The pseudo-code representation of the above process is as follows
int N = Compute the N value;
int M = compute M value;
int y = number of BE nodes;
int x = min(M, N, 128);
if (x < N && x < y) {
return y;
}
return x;
With the above algorithm in mind, let's introduce some examples to better understand this part of the logic.
case1: Amount of data 100 MB, 10 BE machines, 2TB * 3 disks Amount of data N = 1 BE disks M = 10* (2TB/50GB) * 3 = 1230 x = min(M, N, 128) = 1 Final: 1 case2: Data volume 1GB, 3 BE machines, 500GB * 2 disks Amount of data N = 2 BE disks M = 3* (500GB/50GB) * 2 = 60 x = min(M, N, 128) = 2 Final: 2 case3: Data volume 100GB, 3 BE machines, 500GB * 2 disks Amount of data N = 20 BE disks M = 3* (500GB/50GB) * 2 = 60 x = min(M, N, 128) = 20 Final: 20 case4: Data volume 500GB, 3 BE machines, 1TB * 1 disk Data volume N = 100 BE disks M = 3* (1TB /50GB) * 1 = 60 x = min(M, N, 128) = 63 Final: 63 case5: Data volume 500GB, 10 BE machines, 2TB * 3 disks Amount of data N = 100 BE disks M = 10* (2TB / 50GB) * 3 = 1230 x = min(M, N, 128) = 100 Final: 100 case 6: Data volume 1TB, 10 BE machines, 2TB * 3 disks Amount of data N = 205 BE disks M = 10* (2TB / 50GB) * 3 = 1230 x = min(M, N, 128) = 128 Final: 128 case 7: Data volume 500GB, 1 BE machine, 100TB * 1 disk Amount of data N = 100 BE disk M = 1* (100TB / 50GB) * 1 = 2048 x = min(M, N, 128) = 100 Final: 100 case 8: Data volume 1TB, 200 BE machines, 4TB * 7 disks Amount of data N = 205 BE disks M = 200* (4TB / 50GB) * 7 = 114800 x = min(M, N, 128) = 128 Final: 200
As you can see, the detailed logic matches the principle.
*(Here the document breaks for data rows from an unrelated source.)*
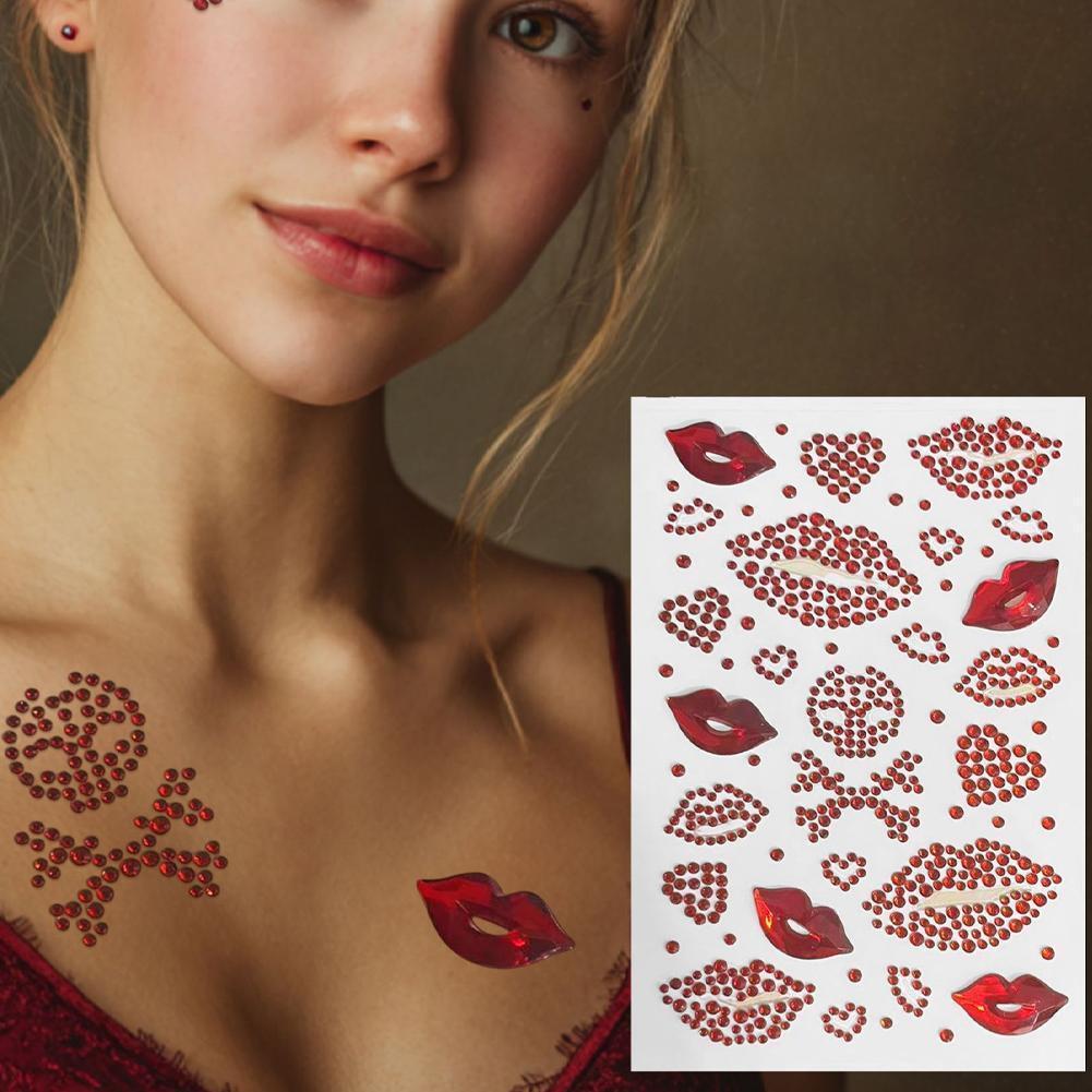 Lábio Vermelho Rosto Maquiagem Adesivos Criativo Decoração À Prova Dwaterproof Água Remendo Glitter Adesivo A4k1
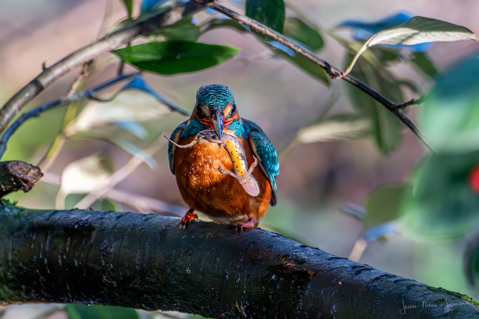 Le premier triton revenu dans la mare refaite à neuf, contrôlé grâce à l'épuisette le 30/12/23, était un mâle de triton palmé. Jusque là le martin-pêcheur venait irrégulièrement et n'avait pas grand chose à trouver. La première capture d'un triton sp. par la femelle de martin-pêcheur a eu lieu le 4/1/24, puis 2 le 5/1 (1 sp. et 1 femelle de triton palmé), preuve que la re-colonisation se fait normalement après une année blanche où la mare, à sec, n'était plus occupée. Aujourd'hui, à l'épuisette, 9 tritons contrôlés (8 palmés et un mâle d'alpestre). À eux d'être prudents face à la furie qui sévit dans le secteur.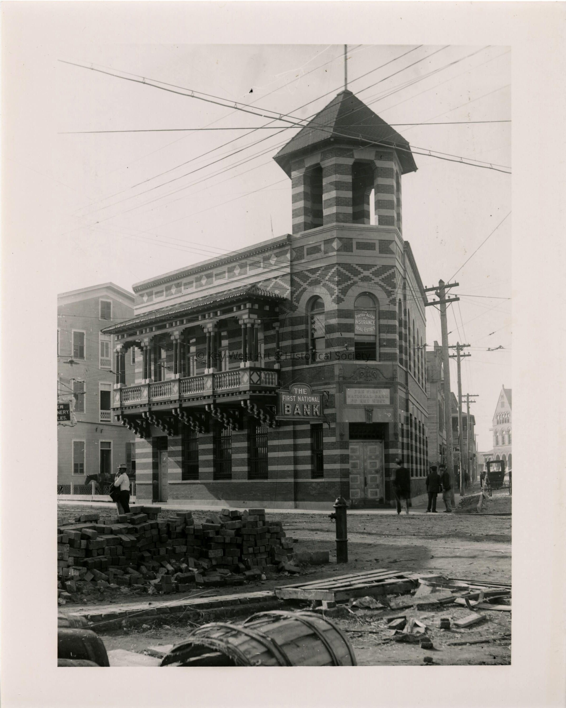 Black and white print taken from a dry plate glass negative of The First National Bank of Key West building at the corner of Front and Duval streets. The Porter-Allen Insurance Company office is located on the second floor.
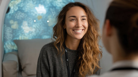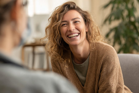 Two friends engage in a warm conversation, sharing smiles and laughter in a bright, inviting indoor setting, creating a feeling of connection and joy.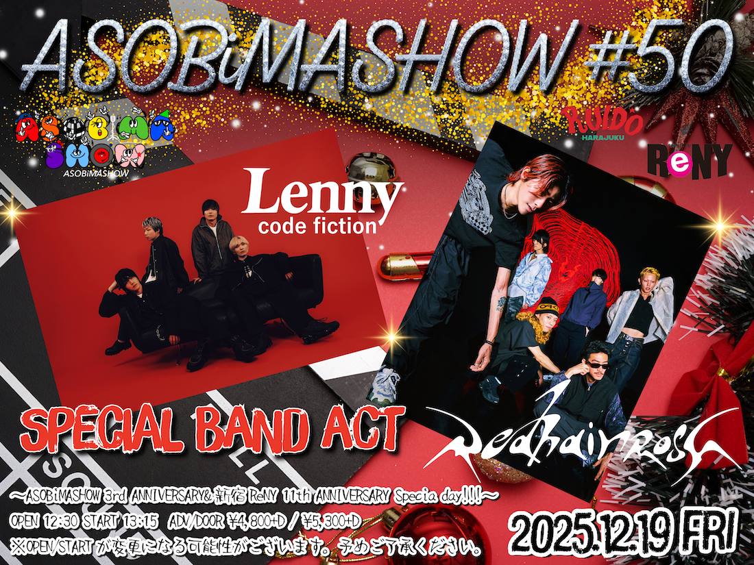 原宿RUIDOpresents. ASOBiMASHOW #50 〜ASOBiMASHOW 3rd ANNIVERSARY&新宿ReNY 11th ANNIVERSARY Specia day!!!〜 DATE: 2025/12/19(Fri) OPEN / START 12:30 / 13:15 TICKET ADV : ¥4,800(+1D ¥700) https://eplus.jp/sf/detail/4428980001 -ACT- ヤスイカズマ / 財部亮治 / BLACK PEPPER / 相原裕成 / N0NAME / Meik -SPECIAL BAND ACT- Lenny code fiction / Redhair Rosy お問い合わせ 原宿RUIDO 03-6447-5567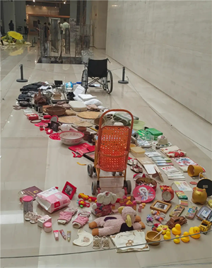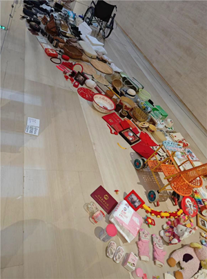 这是一个艺术布景里的麻将桌,右下角依然卑微着写着“损坏罚款”。其实这个作品原本的样子是这样的,据作者的朋友转述,这个布景反映了麻将在家庭中的普及,每个麻将都用了1-2小时来制作,用了十字绣、粘土和纳米胶作为原材料,材质比较软,可以轻轻捏动。还有这个悲剧,所有展品全部丢失,甚至作者用胶水粘到桌子上,20件实物一件没给作者剩下!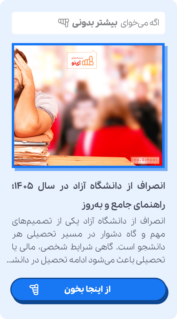 اگر شما قصد انصراف از دانشگاه را دارید و میخواهید برای سال آینده برنامهریزی مشخصی داشته و در کنکور سراسری پذیرفته شوید، باید از همین الان اقدام کنید. شما میتوانید با تهیه اشتراک کنکور آی نو زیر نظر برترین اساتید کنکور کشور درس بخوانید و با تماشای ویدیوهای آموزشی بسیار با کیفیت، خط به خط و نکته به نکته از مطالب کتابهای درسی خود را یاد بگیرید و با حل تمرین و حل نمونه سوالات امتحانی و حل نمونه سوالات کنکورهای سالهای گذشته، تسلط و مهارت خود را به مطالب درسی به طور چشمگیری افزایش دهید.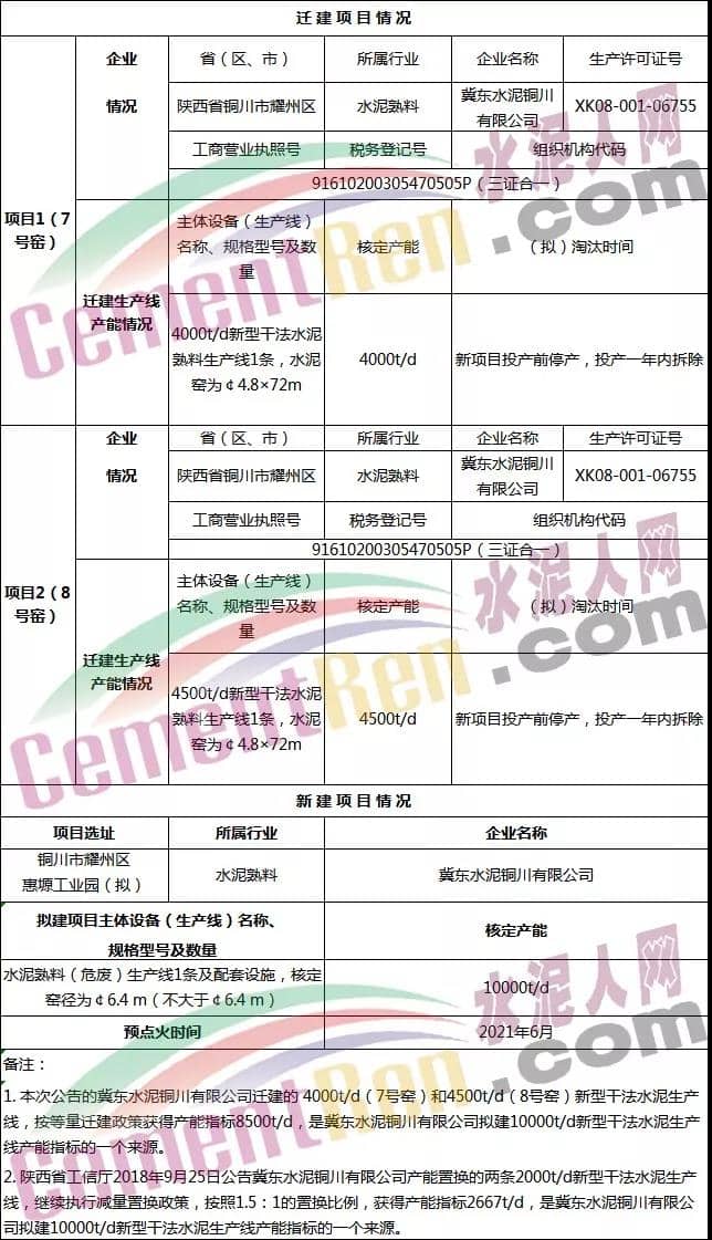 經(jīng)審核,冀東水泥銅川有限公司4000t/d新型干法熟料水泥生產(chǎn)線和4500t/d新型干法熟料水泥生產(chǎn)線符合“因當(dāng)?shù)匕l(fā)展規(guī)劃調(diào)整,導(dǎo)致不屬于國家明令淘汰的落后產(chǎn)能的生產(chǎn)裝置遷建的,且企業(yè)持有的生產(chǎn)許可證仍在有效期內(nèi),企業(yè)搬遷又未享受退出產(chǎn)能的資金獎補(bǔ)和政策支持,企業(yè)承諾確不新增產(chǎn)能”要求。公示原文如下:

Subsequent bucketing projection The above is the calculation logic for the initial bucketing. The subsequent bucketing can be evaluated based on the amount of partition data available since there is already a certain amount of partition data. The subsequent bucket size is evaluated based on the EMA[1] (short term exponential moving average) value of up to the first 7 partitions, which is used as the estimate_partition_size. At this point there are two ways to calculate the partition buckets, assuming partitioning by days, counting forward to the first day partition size of S7, counting forward to the second day partition size of S6, and so on to S1.
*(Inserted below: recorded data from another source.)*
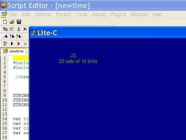 could it be something like STRING* time_passed = 0 while(1) { wait(-1) time_passed ++ }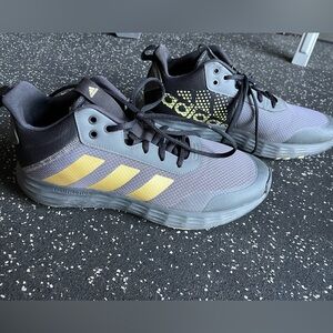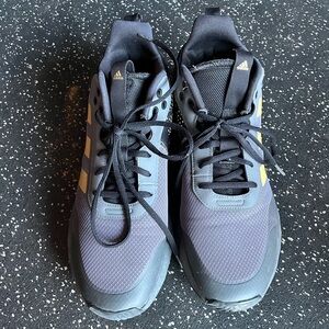 Stylish Adidas basketball sneakers in black and gold. Gently preowned condition. Men’s size 13
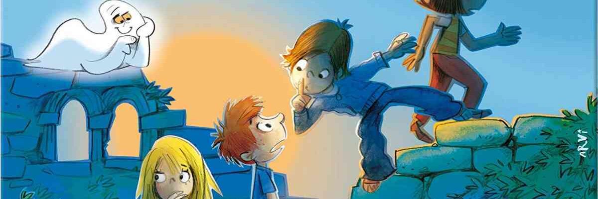 Zuerst beklebt ihr die Unterseiten der vier Geister mit jeweils einem der farbigen Klebepunkt. Jetzt hat jede der Spukgestalten eine eigene Farbe, die man jedoch während des Spielens nicht sieht. Jetzt legt ihr den Spielplan für alle gut erreichbar in die Tischmitte. Jeder Spieler sucht sich eine der farbigen Scheiben aus und legt sie auf die unterste Treppe des Plans. Die Geister braucht ihr am Anfang noch nicht. Stellt sie neben dem Spielplan bereit.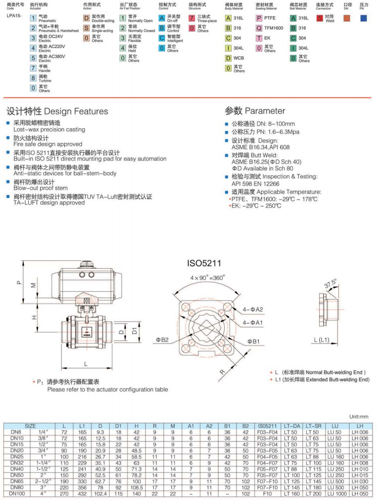 LPA15-2,LPA15-3,LPA15-4,LPA15-5,LPA15-7,LPA15-8,LPA15-1D3A4DPC2-80-150LB,對(duì)焊球閥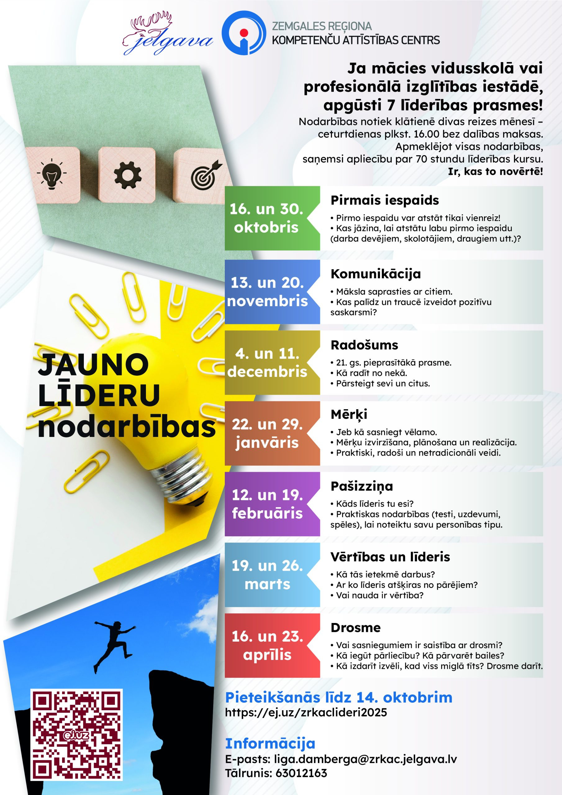 Zemgales reģiona kompetenču attīstības centrs (ZRKAC) aicina vidusskolu un profesionālās izglītības iestāžu jauniešus pieteikties “Jauno līderu nodarbībām”, lai praktiski apgūtu nepieciešamās līderības prasmes. Nodarbības notiks klātienē divas reizes mēnesī, ceturtdienās pulksten 16. “Jauno līderu nodarbībām” jāpiesakās līdz 14. oktobrim.

There are 6 delta values, which are
S7 - S6 = delta1, S6 - S5 = delta2, ... S2 - S1 = delta6
This yields the ema(delta) value. Then, today's estimate_partition_size = S7 + ema(delta)
today's estimate_partition_size = EMA(S1, ... , S7) , S7)
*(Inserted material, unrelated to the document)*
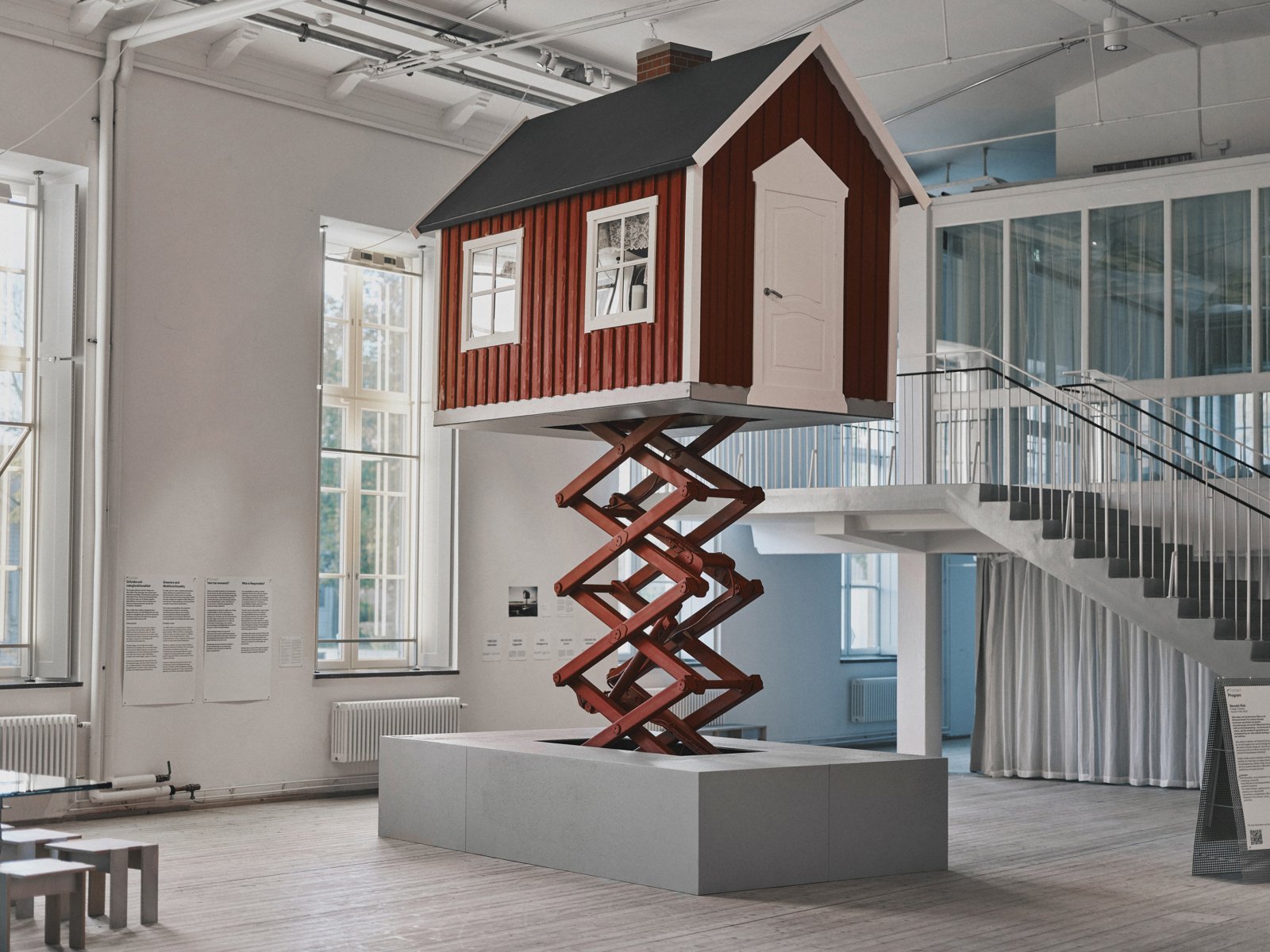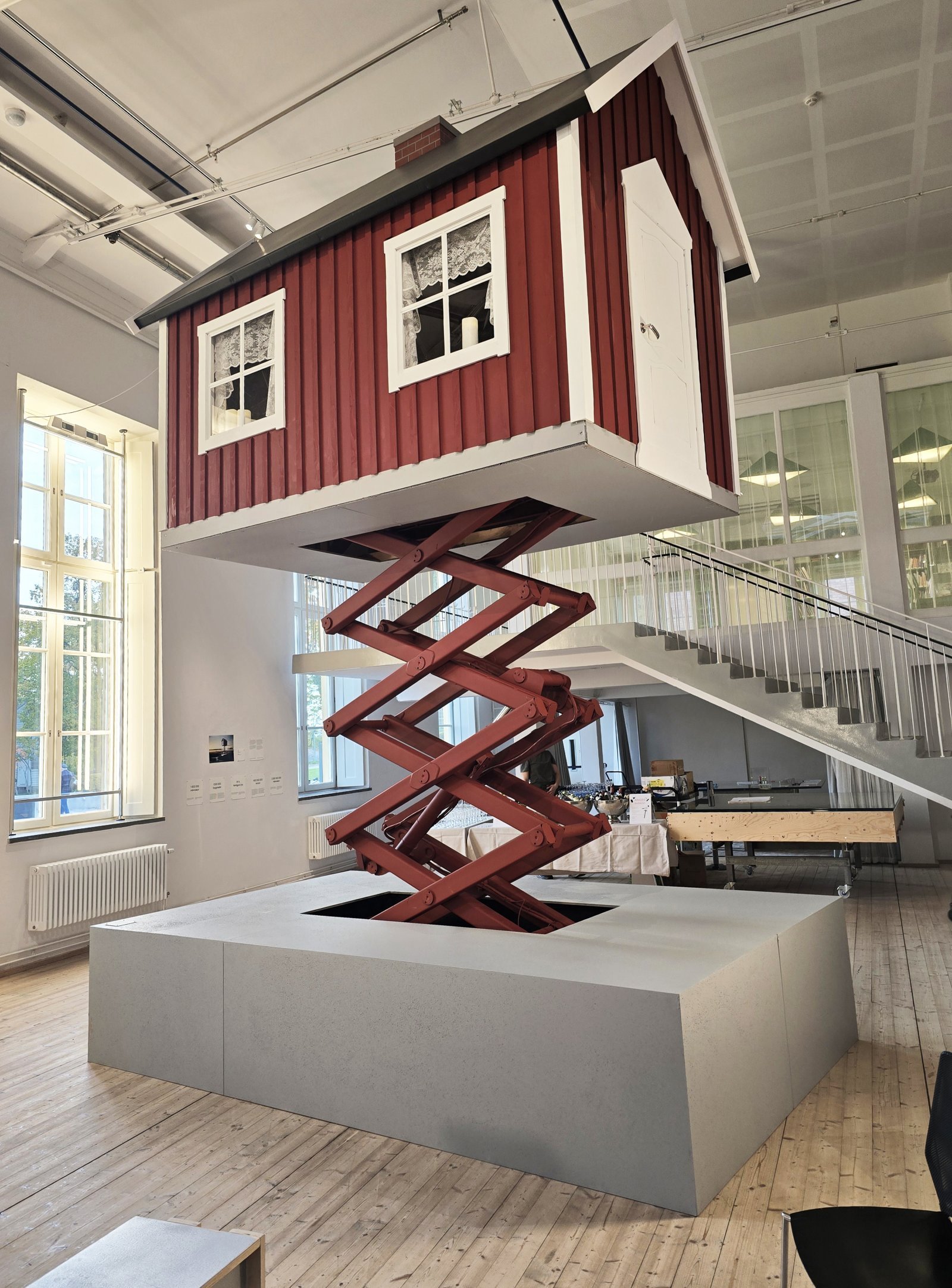 シザーリフトを使うというユニークな試みは、建物の約 80%にリサイクル材を使用して改修された「ArkDes」から着想を得ている。美術館で使用されていたシザーリフトが廃棄予定だと知ったメイェグレンが、そこに可能性を見出したのだという。リフト部分は、伝統的なスウェーデンレッドで塗装。そのプラットフォームとなるテーブル部分に、クラシックな木造パネル、切妻屋根、煙突を備えた小さな家屋が設置された。リフトの最大積載量が 227㎏だったため、家屋には精密な計算が求められたという。煙突から窓のレースカーテンに至るまで、あらゆる要素が設計され、計測され、調整されている。

According to the above algorithm, the initial number of buckets and the number of subsequent buckets can be calculated. Unlike before when only a fixed number of buckets could be specified, due to changes in business data, it is possible that the number of buckets in the previous partition is different from the number of buckets in the next partition, which is transparent to the user, and the user does not need to care about the exact number of buckets in each partition, and this automatic extrapolation will make the number of buckets more reasonable.
When autobucket is enabled, the schema you see in show create table is also BUCKETS AUTO. If you want to see the exact number of buckets, you can do so by show partitions from ${table};.